Hmmm, lima, sepuluh, dua puluh tahun lagi? Saya masih ngblog nggak ya? *lirik blog sendiri yang jarang diapdet * ndak mutu postingannya**
jadi wartawan itu sama dengan pelacur gitu yah , ndoro? 😀
ah, tapi sekarang susah mengembalikan pelacur dalam konteks yang sesungguhnya, karena banyak profesi lainnyapun yang ikutan melacur.
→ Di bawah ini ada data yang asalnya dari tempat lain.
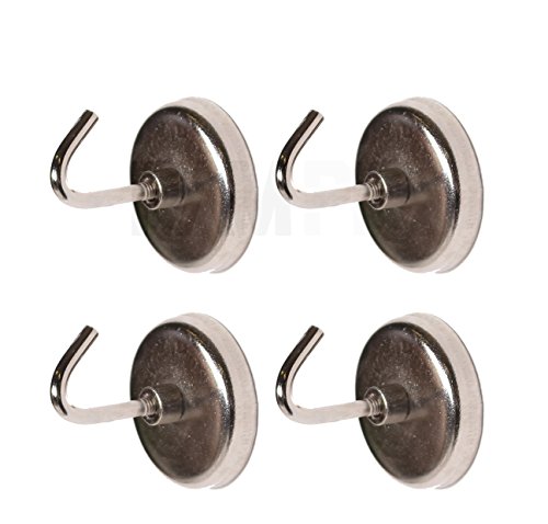 4-Piece Ram-Pro Extra-Strong Magnetic Hook Set - Holds 8 Lb Capacity, Quality Chrome Plated For Tools, Keys, Coats, Towels, Kitchen Utensils.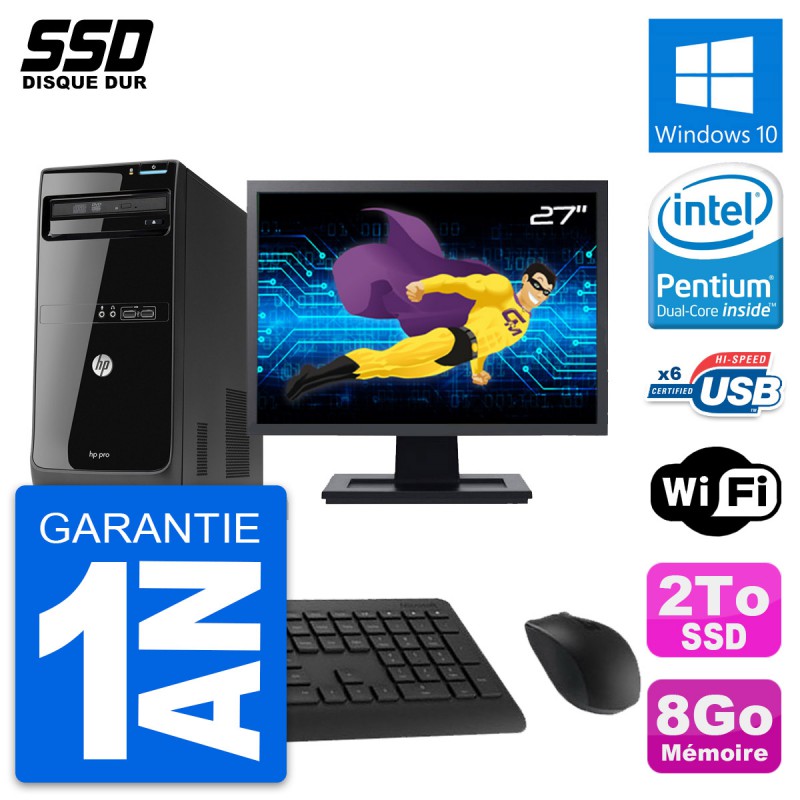 PC Tour HP Pro 3500 MT - Intel Pentium Dual-Core G2020 2.9 Ghz (3 Mo) - 8 Go DDR3 - Disque Dur SSD 2 To - Graveur DVD - Clef Wifi USB - Windows 10 - Livré avec Ecran 27" + clavier + souris (Marques et modèles variables) - Garantie 1 an.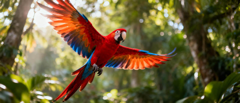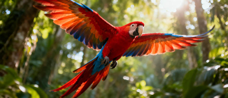 红鹦鹉展翅飞翔

hmm emang too kompleks ndoro
*garuk garuk*
paling sebel kalo udah lihat wartawan yg ngejar-ngejar narasumber, sampai si narasumber emosi. Kalo kayak gini serba salah.. didiamin ngelunjak wartawanya, kalo di pukul ntar katanya penganiayaan dan melawan kebebasan pers.
*untung bukan seleb jadi gak dikejar-kejar wartawan semprul*
jadi misalnya ada maklumat presiden tentang pengibaran bendera pada hari pers, baiknya satu tiang penuh atau setenghah tiang ndoro?
Lalu bagaimana, Ndoro?
apa sampean bosen di pabrik kertas dan lantas serius berkolaborasi dengan paman yang dagdigdugder itu?
masih ada tuh awrtawan bagus di sebuah majalah bulanan berlisensi…jakakakakak
Emang enak kok kalo nge-blog dibayar…
Tapi siapa ya yang mau bayar saya nge-blog?
Emang ndak boleh ya kalo ngeblog dapet duit?
Hal yg sama juga terjadi di sepakbola (inggris misalnya) dimana para pemodal ramai membeli klub2 sepakbola yg profitable.
Btw bgmn kalau para jurnalis yg punya idealisme tinggi patungan utk membeli saham2 media, ya seperti supporter Liverpool mau patungan uk membeli saham klubnya ???
sik…peliput infotainment itu (dulu) sempet diragukan apakah mereka wartawan karena si peliput justru ga pernah nulis beritanya sendiri. Dateng ke kantor cuma nyerahin hasil liputan trus keluar lagi cari berita lain. Saya ga tau modus mereka saat ini, apakah nulis juga atau tetap begitu…
*bersiap menjadi pemodal, untuk mbayari blogger2 agar menulis sesuai titipan saya..*
Blogger ber-lemak..?
Makanya saya sekarang olahraga dan jarang makan makanan berlemak, Ndoro!
“Kini para blogger sangat mudah tergoda untuk jadi empuk dan berlemak”
Tau aja,ndoro ini kl saya blogger yg punya toko kasur dan daging. 😀 empuk dan berlemak. 😀
*kaburrrrrrrrr
Eh ndoro, tergoda jadi empuk dan berlemak itu artinya tergoda cari duit di blog… atau juga bisa berarti tergoda untuk cari aman2 saja?
klo gitu tambah satu target lagi . . .
abis komikus keren, musikus keren . . . tambah
“WARTAWAN KEREN”
Memang susah ndoro, saat ini sebuah organisasi maupun yayasan semuanya mengarah ke profitable. Lihat saja lsm-lsm sekarang? humm..
kadang-kadang aku ingat gimana dulu sebelum turun liputan si redaktur sudah punya “frame cerita” jadi kita tinggal ngeliput sesuai “frame cerita” dia yang sebetulnya diarahkan supaya “laku keras” di pasar.
selamat hari pers, mas.
bagaimanapun juga, selamat hari pers nasional, ndoro.
halah…
Bodrex, Ndoro? 😉
Berkah demokrasi, Ndoro. Melihat kalangan legislatif enak-enakan menyusul rekan-rekannya di eksekutif dan yudikatif; maka sebagian yang bergerak di ranah ‘fourth estate’ juga ndak mau kalah to…
Selamat hari Pers, Ndoro.
dunia sudah semakin semprul ndoro..
Itu konsekuensi dari kapitalisme kan ndoro?
ah………
“merenung jugah”
“wartawan” impotainment apah layak dianggap sebagai wartawan!
lha gak ada bedanya sama mbokdhe sebelah rumah!